According to a recent study funded by the European Commission, more than 85% of drug users have experienced violence. These figures are evidence of the neglect of women’s needs and rights in many public drug policies. While women make up, in global figures, one third of drug users, their access to treatment is often made difficult for gender-based reasons such as their role as carers, the lack of flexible timetables in treatment facilities or the existence of timetables adapted to women or the impossibility of attending with their children. It is often women who accompany their partners to treatment, but who accompanies women? Stigma is also a barrier to accessing treatment because the social perception of women who use drugs penalises women more than men.
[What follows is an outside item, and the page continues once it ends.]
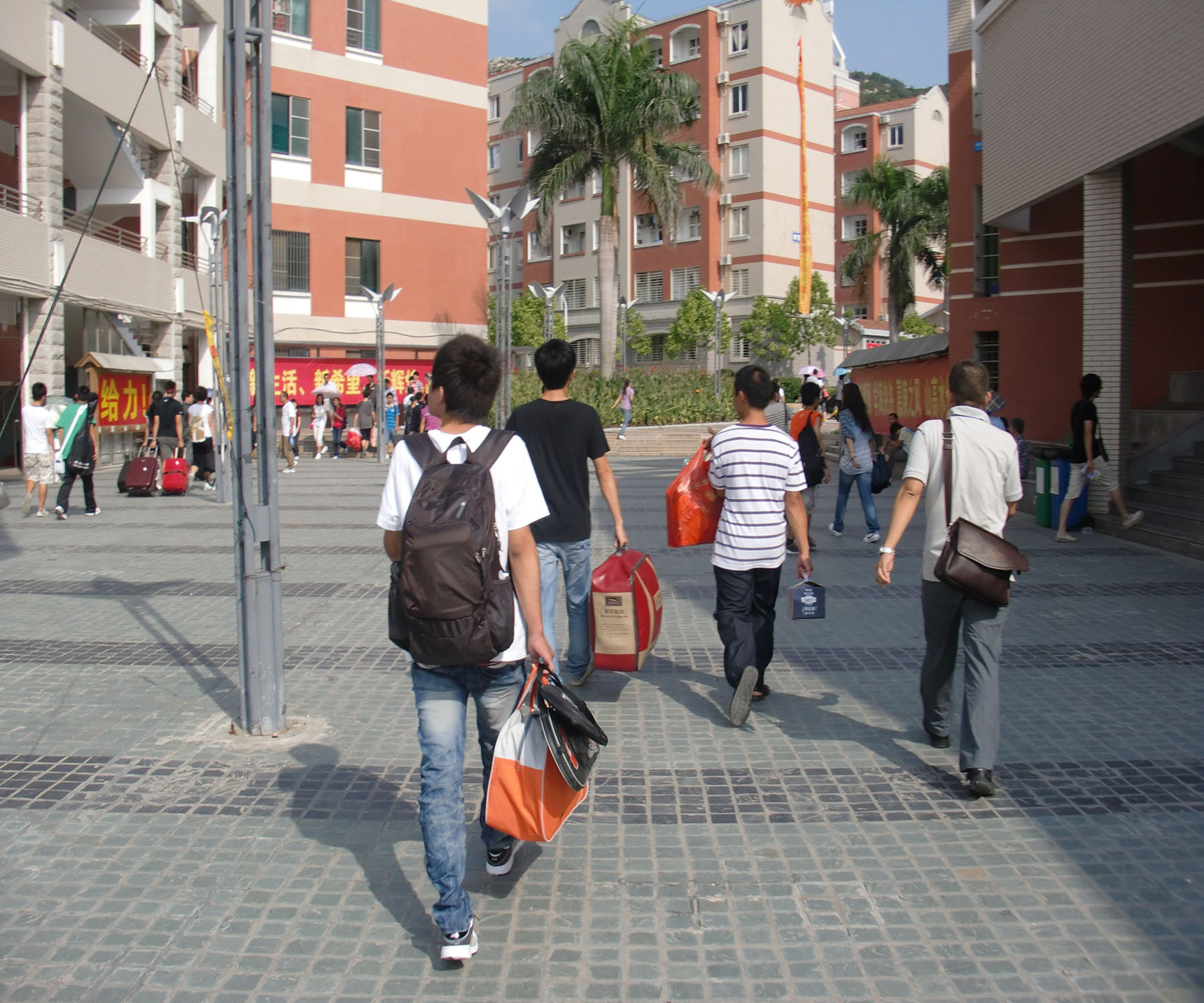 博学和芙蓉行李组的志愿者们此时挥汗如雨。他们接过新生的行囊,带领他们走进新家,与此同时传达一些大学生活的经验心得,让他们能够尽快适应新的环境。
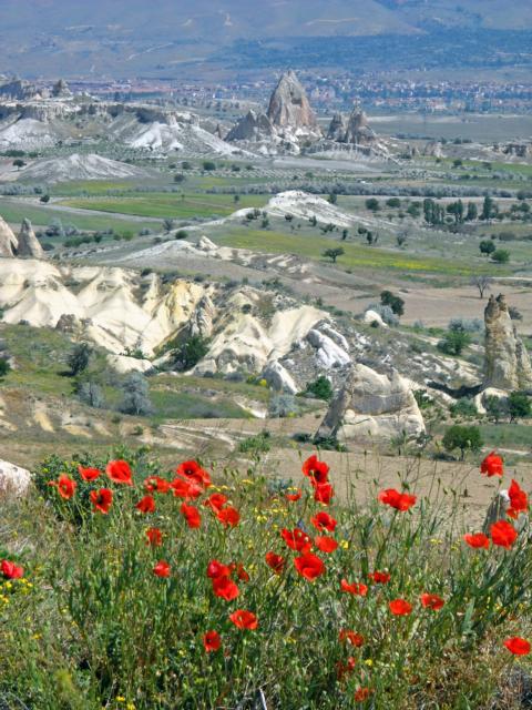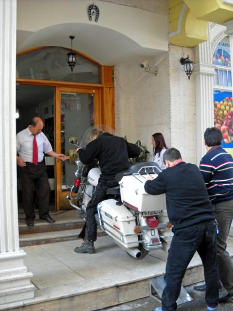 Wir kommen nach Uchisar, einer der schönsten Orte in Kappadokien, wo der Burgfelsen wie ein Emmentaler Käse durchlöchert ist. Kappadokien, an der berühmten Seidenstraße gelegen, ist eine versteinerte Märchenlandschaft, Weltkulturerbe und Weltnaturerbe, für die wir uns 2 Tage Zeit nehmen. Von Kappadokien aus fahren wir ins westanatolische Binnenland, Richtung Konya. Wir besichtigen Sultanhani, inmitten einer öden Hochebene. Es ist die größte und besterhaltenste Karawanserei in Kleinasien, 1229 erbaut. Von dort erinnert uns die Weiterfahrt an Wyoming, USA: endlose Straße, menschenleer. Durch große Schlafmohnplantagen – staatlich kontrolliert – erreichen wir Afyon, wo ich auf abenteuerliche Weise, über mehrere Stufen, mit dem Motorrad in die Lobby fahren muss.

Violence is present in all places and conditions, and it also occurs, to a greater extent (two to five times more) in women who use drugs. According to the Interleave project report, 86.64% have experienced physical violence, 74.23% physical violence. Sexual abuse is also a situation that unfortunately still occurs in 44.62% of female drug users, and even more seriously in more than 24% when they were children.
On the other side of the coin, with regard to women who participate in the illicit economy, violence is also reflected in the use of women’s bodies to transport drugs, without forgetting the role of women in the narco culture, which is only the tip of the iceberg of the feminicides suffered by women, especially in some countries in the region. Latin America and the Caribbean is home to the largest population of women imprisoned for drug offences, a shockingly high number compared to the imprisonment of men for the same causes. Most had access to less education, live in conditions of poverty and 72% are not charged with violent crimes. 87% of women have children or family members in their care and 62 per cent have no criminal record.
The incarceration of women has devastating consequences for their children and families. In a context of prison overcrowding, the European Cooperation Strategy on Drugs is committed to finding alternative solutions to imprisonment for minor offences. Specifically, the COPOLAD programme is initiating a line of work and guidance for Latin American and Caribbean countries in this aspect, where it will accompany those countries that wish to do so in the review of penal frameworks, the proportionality of offences and alternatives to imprisonment, as recommended by international conventions.
COPOLAD will reinforce in this third phase its gender focus by promoting in all its actions and specifically with the:
- Training in the incorporation of gender-differentiated indicators in the National Information Systems of the Drug Observatories.
- Incorporation of the gender perspective in the dialogue between the EU and CELAC countries on drug-related issues
- Improving the gender approach in law enforcement activities.
- Promotion of research on drug policies with emphasis on women’s problems and needs
- Promoting research on drug policies with an emphasis on women’s issues and needs.
- Support for public policies that promote the integration of women with addictions into the labour market.
- Design of virtual training modules to improve gender mainstreaming in public drug policies.
- Proposals for alternative measures to the deprivation of liberty of women in minor drug offences.